* **Exercise description**: The answer should hold only the lines from the one containing "2 Mk. violettpurpur, der" through the one containing "Набор состоит из" in the entries below, copied exactly, without pictures.

* **Data to use**:
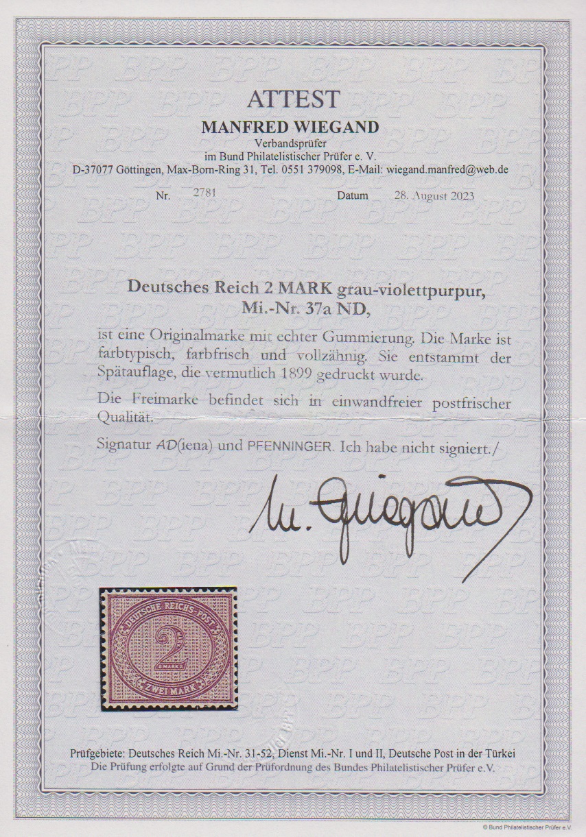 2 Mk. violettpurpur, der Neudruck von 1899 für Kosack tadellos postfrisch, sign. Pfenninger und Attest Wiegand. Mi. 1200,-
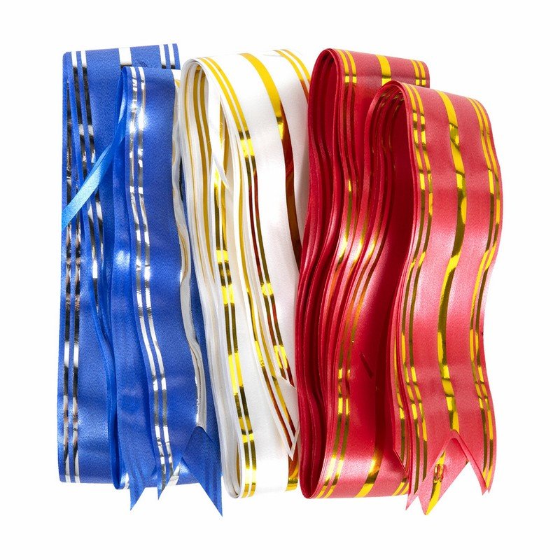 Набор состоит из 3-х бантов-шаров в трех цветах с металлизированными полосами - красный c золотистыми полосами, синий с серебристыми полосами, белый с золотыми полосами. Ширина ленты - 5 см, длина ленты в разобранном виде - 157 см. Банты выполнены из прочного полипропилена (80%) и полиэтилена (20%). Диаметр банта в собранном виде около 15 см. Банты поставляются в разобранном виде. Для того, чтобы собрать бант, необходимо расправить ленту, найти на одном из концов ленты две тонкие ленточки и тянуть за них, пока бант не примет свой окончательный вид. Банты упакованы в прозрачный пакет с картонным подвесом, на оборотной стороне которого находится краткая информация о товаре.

...

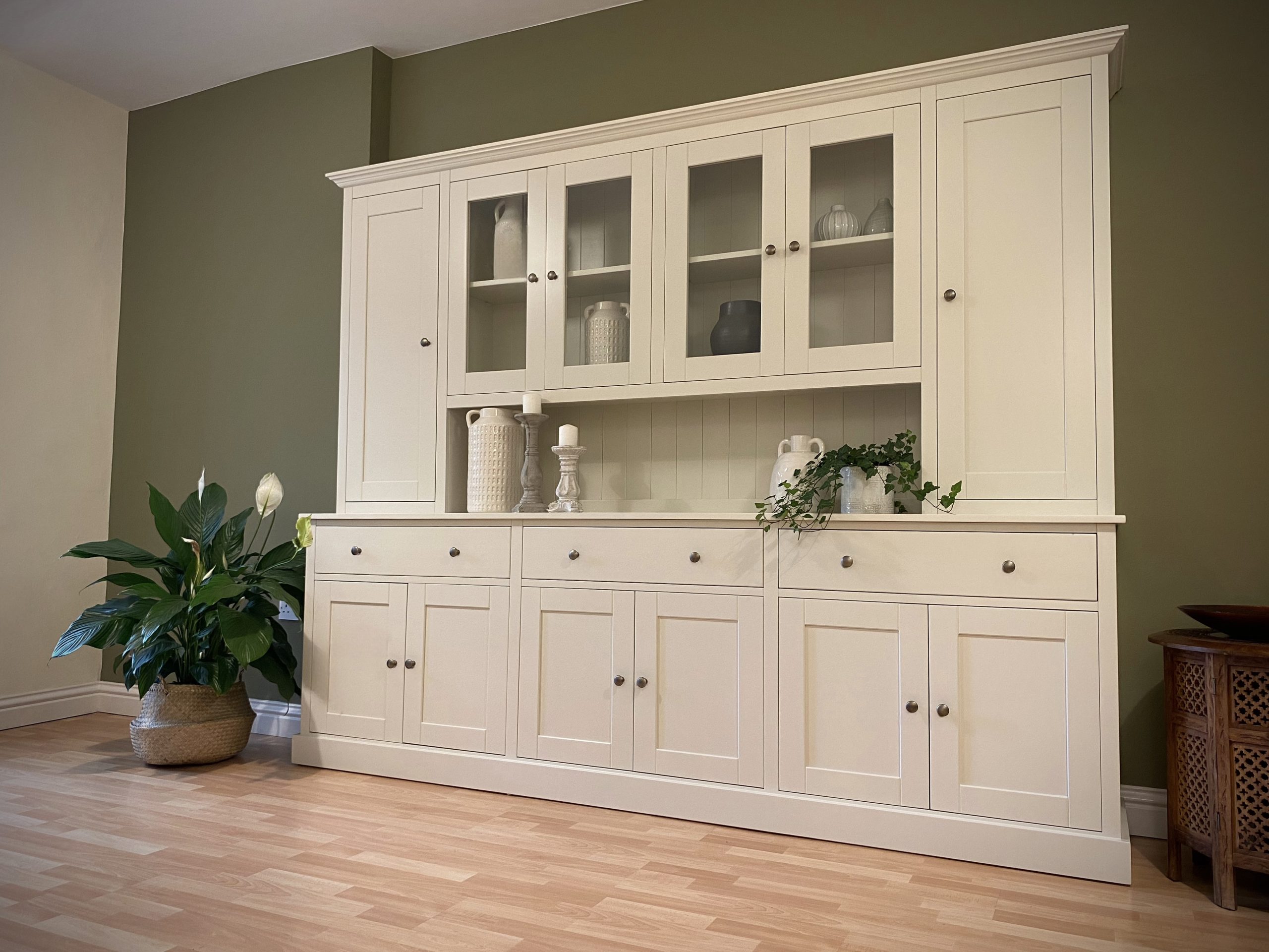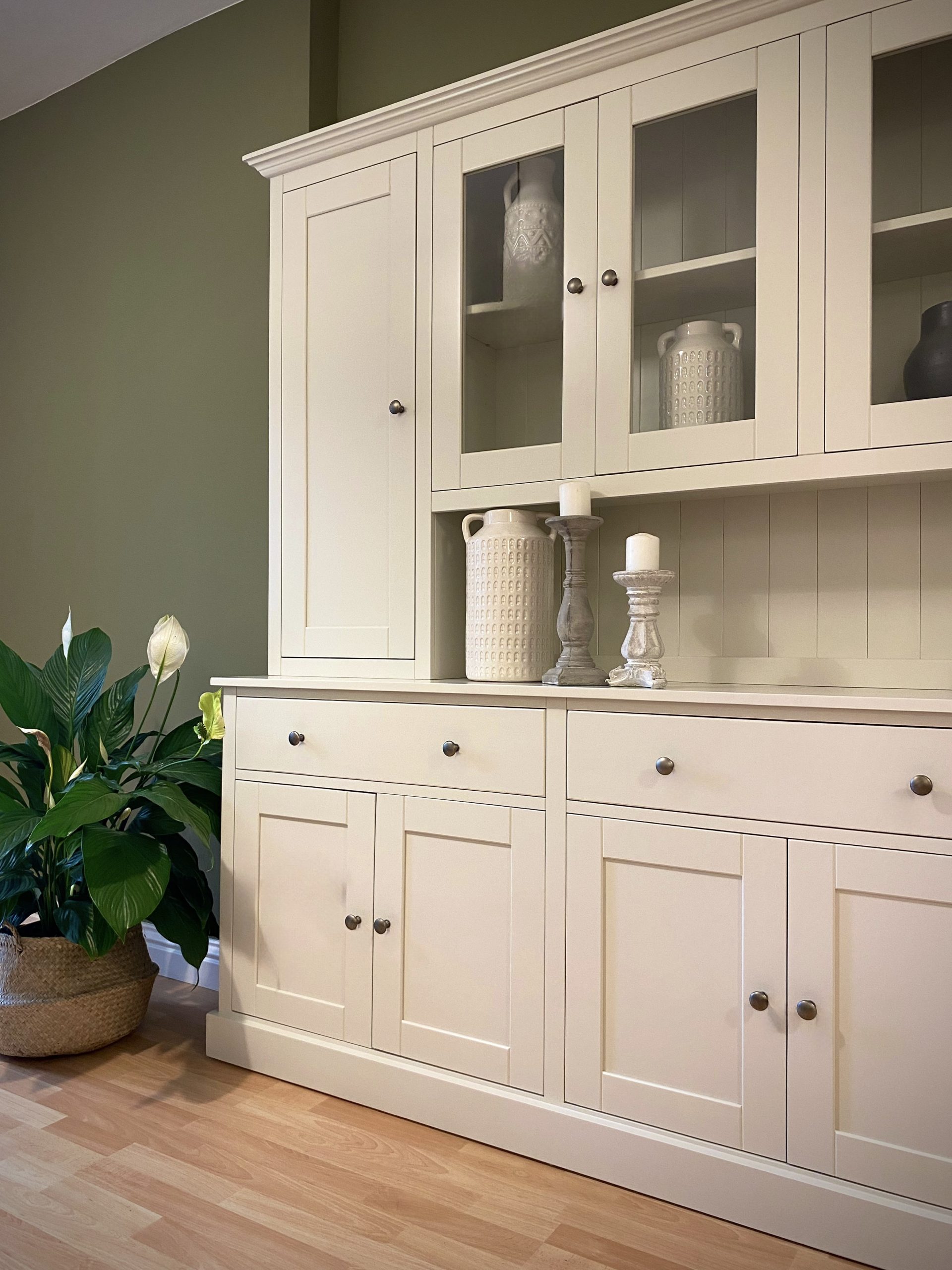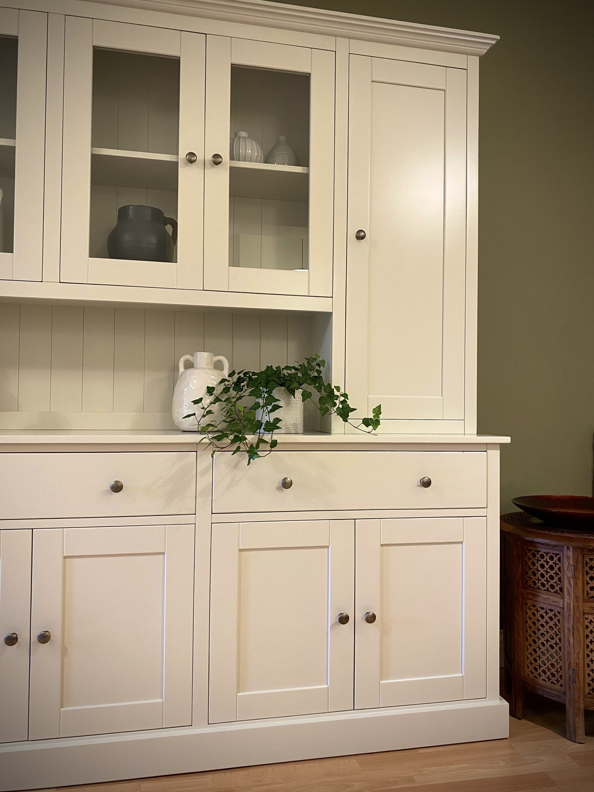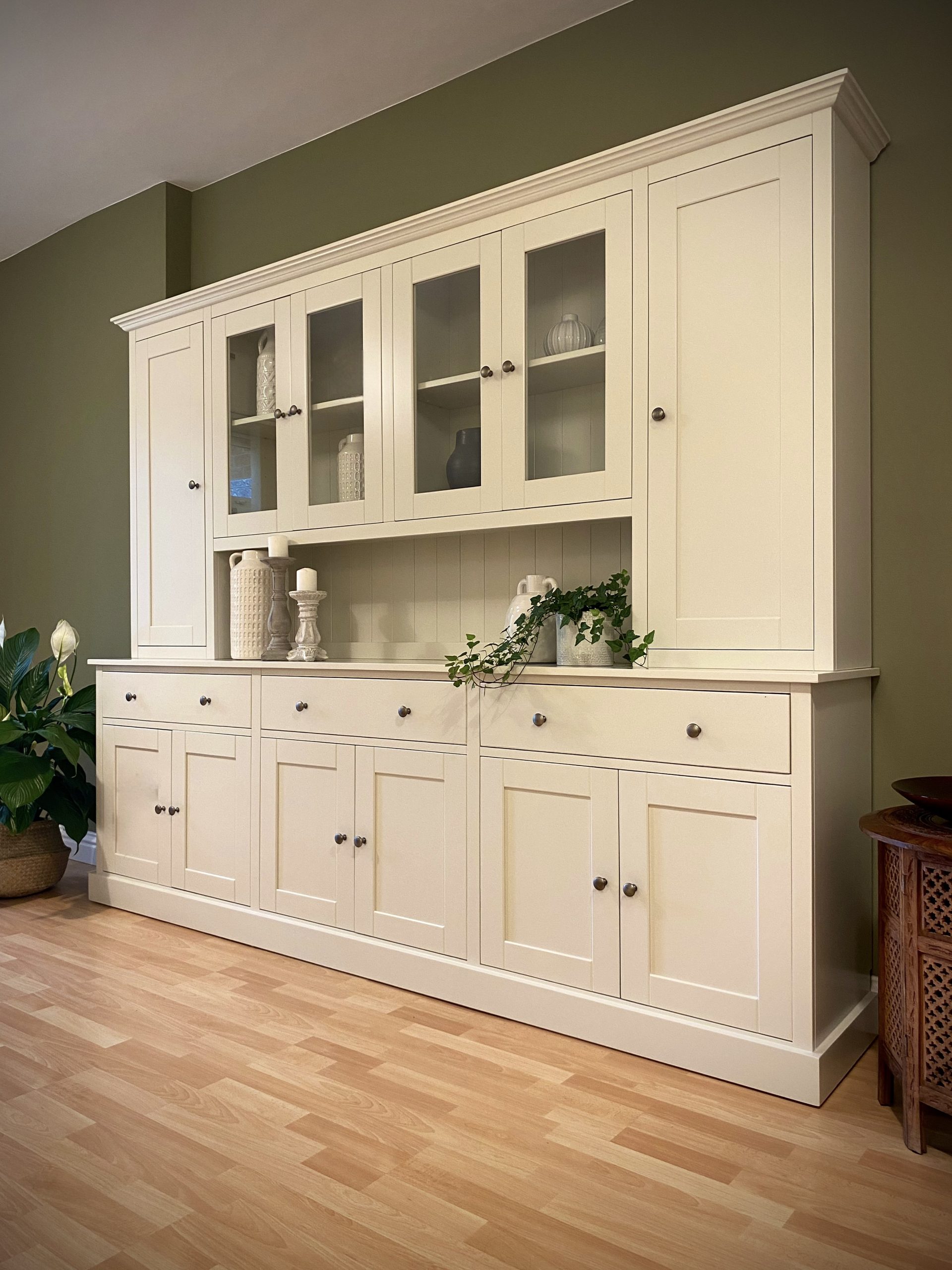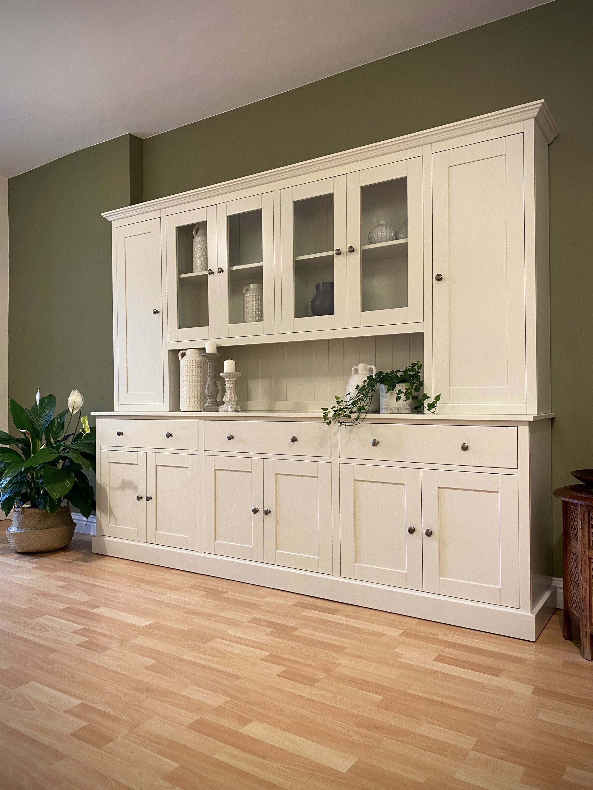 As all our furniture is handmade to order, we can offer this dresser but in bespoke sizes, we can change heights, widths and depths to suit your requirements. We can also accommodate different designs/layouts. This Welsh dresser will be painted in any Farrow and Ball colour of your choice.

* **Answer section**:
 2 Mk. violettpurpur, der Neudruck von 1899 für Kosack tadellos postfrisch, sign. Pfenninger und Attest Wiegand. Mi. 1200,-
 Набор состоит из 3-х бантов-шаров в трех цветах с металлизированными полосами - красный c золотистыми полосами, синий с серебристыми полосами, белый с золотыми полосами. Ширина ленты - 5 см, длина ленты в разобранном виде - 157 см. Банты выполнены из прочного полипропилена (80%) и полиэтилена (20%). Диаметр банта в собранном виде около 15 см. Банты поставляются в разобранном виде. Для того, чтобы собрать бант, необходимо расправить ленту, найти на одном из концов ленты две тонкие ленточки и тянуть за них, пока бант не примет свой окончательный вид. Банты упакованы в прозрачный пакет с картонным подвесом, на оборотной стороне которого находится краткая информация о товаре.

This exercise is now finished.